YOUR OBJECTIVE
Below are entries; repeat exactly, and nothing else, the lines from the one holding "For effective moss" through the one holding "FGO Organic Red", inclusive. Leave the pictures out.

LISTED RECORDS
>>>>>
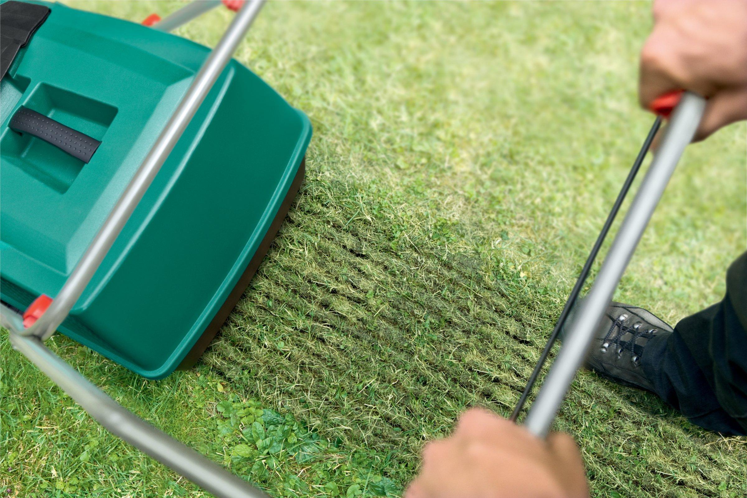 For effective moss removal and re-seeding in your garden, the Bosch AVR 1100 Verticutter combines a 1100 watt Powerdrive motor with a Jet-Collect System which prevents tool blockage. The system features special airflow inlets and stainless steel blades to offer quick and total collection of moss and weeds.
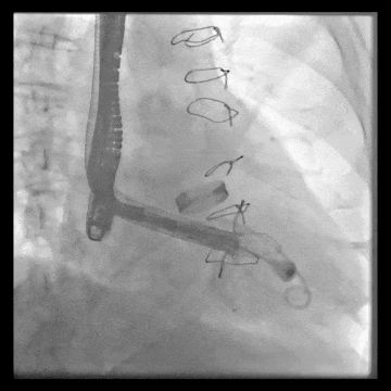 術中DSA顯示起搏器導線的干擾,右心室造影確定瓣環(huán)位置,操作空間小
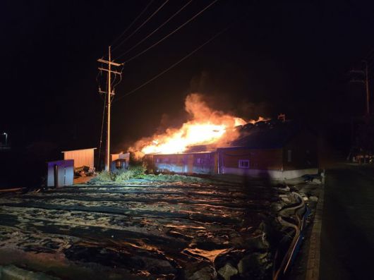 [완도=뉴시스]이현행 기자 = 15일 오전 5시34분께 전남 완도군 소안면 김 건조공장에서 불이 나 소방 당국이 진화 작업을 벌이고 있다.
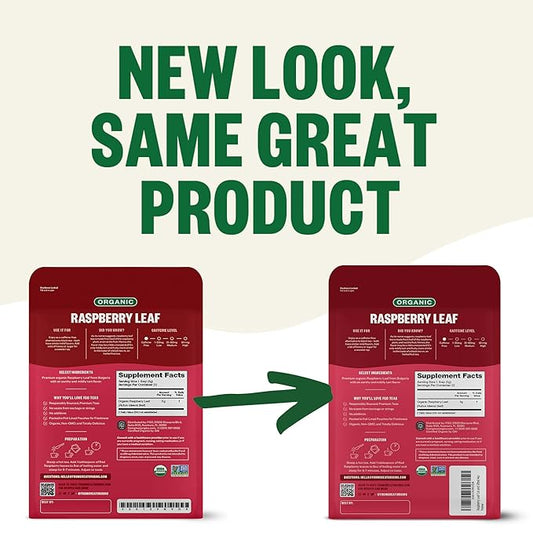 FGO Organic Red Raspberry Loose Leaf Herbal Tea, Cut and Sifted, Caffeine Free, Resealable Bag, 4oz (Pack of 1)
<<<<<
>>>>>
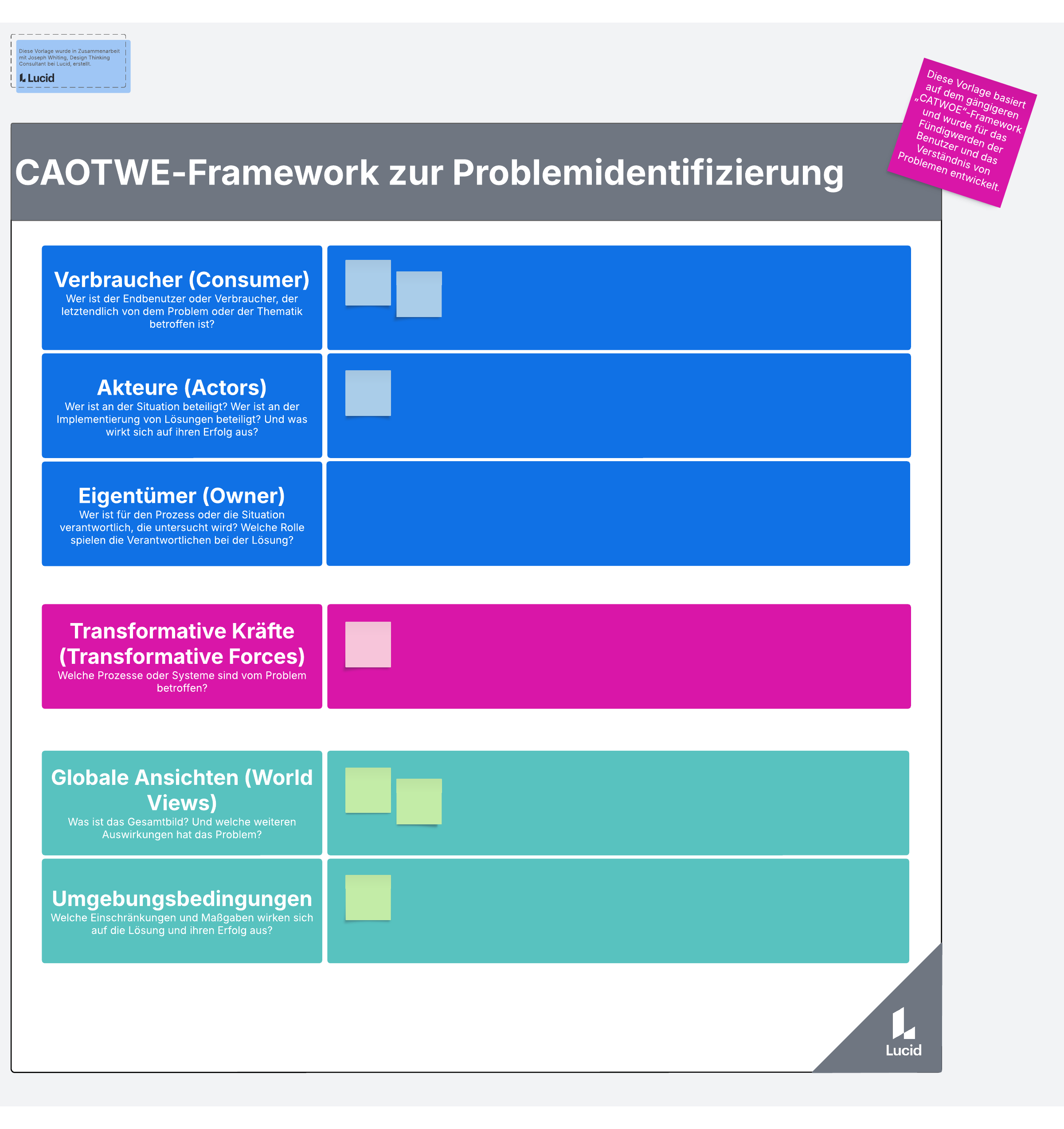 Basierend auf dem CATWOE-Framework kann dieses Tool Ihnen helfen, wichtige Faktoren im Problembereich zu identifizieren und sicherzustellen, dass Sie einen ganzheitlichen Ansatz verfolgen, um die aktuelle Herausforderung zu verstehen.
<<<<<
>>>>>
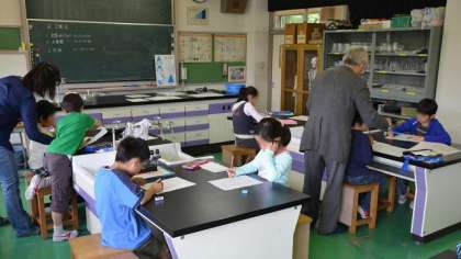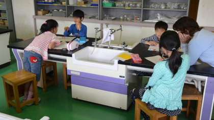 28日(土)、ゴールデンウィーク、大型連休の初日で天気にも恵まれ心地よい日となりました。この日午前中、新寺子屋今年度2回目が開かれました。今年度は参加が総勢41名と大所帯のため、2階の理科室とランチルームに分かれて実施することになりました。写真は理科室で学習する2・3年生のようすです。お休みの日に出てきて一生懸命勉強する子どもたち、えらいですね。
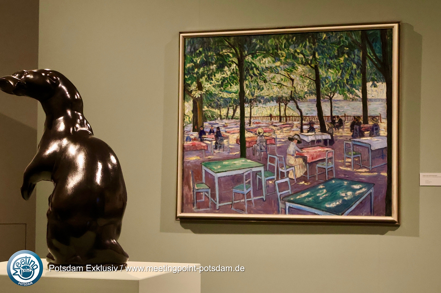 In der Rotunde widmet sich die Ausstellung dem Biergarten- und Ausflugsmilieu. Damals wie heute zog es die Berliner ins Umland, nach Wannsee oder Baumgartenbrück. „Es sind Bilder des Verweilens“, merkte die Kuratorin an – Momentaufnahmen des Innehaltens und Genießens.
<<<<<
TASK ANSWER
 For effective moss removal and re-seeding in your garden, the Bosch AVR 1100 Verticutter combines a 1100 watt Powerdrive motor with a Jet-Collect System which prevents tool blockage. The system features special airflow inlets and stainless steel blades to offer quick and total collection of moss and weeds.
 術中DSA顯示起搏器導線的干擾,右心室造影確定瓣環(huán)位置,操作空間小
 [완도=뉴시스]이현행 기자 = 15일 오전 5시34분께 전남 완도군 소안면 김 건조공장에서 불이 나 소방 당국이 진화 작업을 벌이고 있다.
 FGO Organic Red Raspberry Loose Leaf Herbal Tea, Cut and Sifted, Caffeine Free, Resealable Bag, 4oz (Pack of 1)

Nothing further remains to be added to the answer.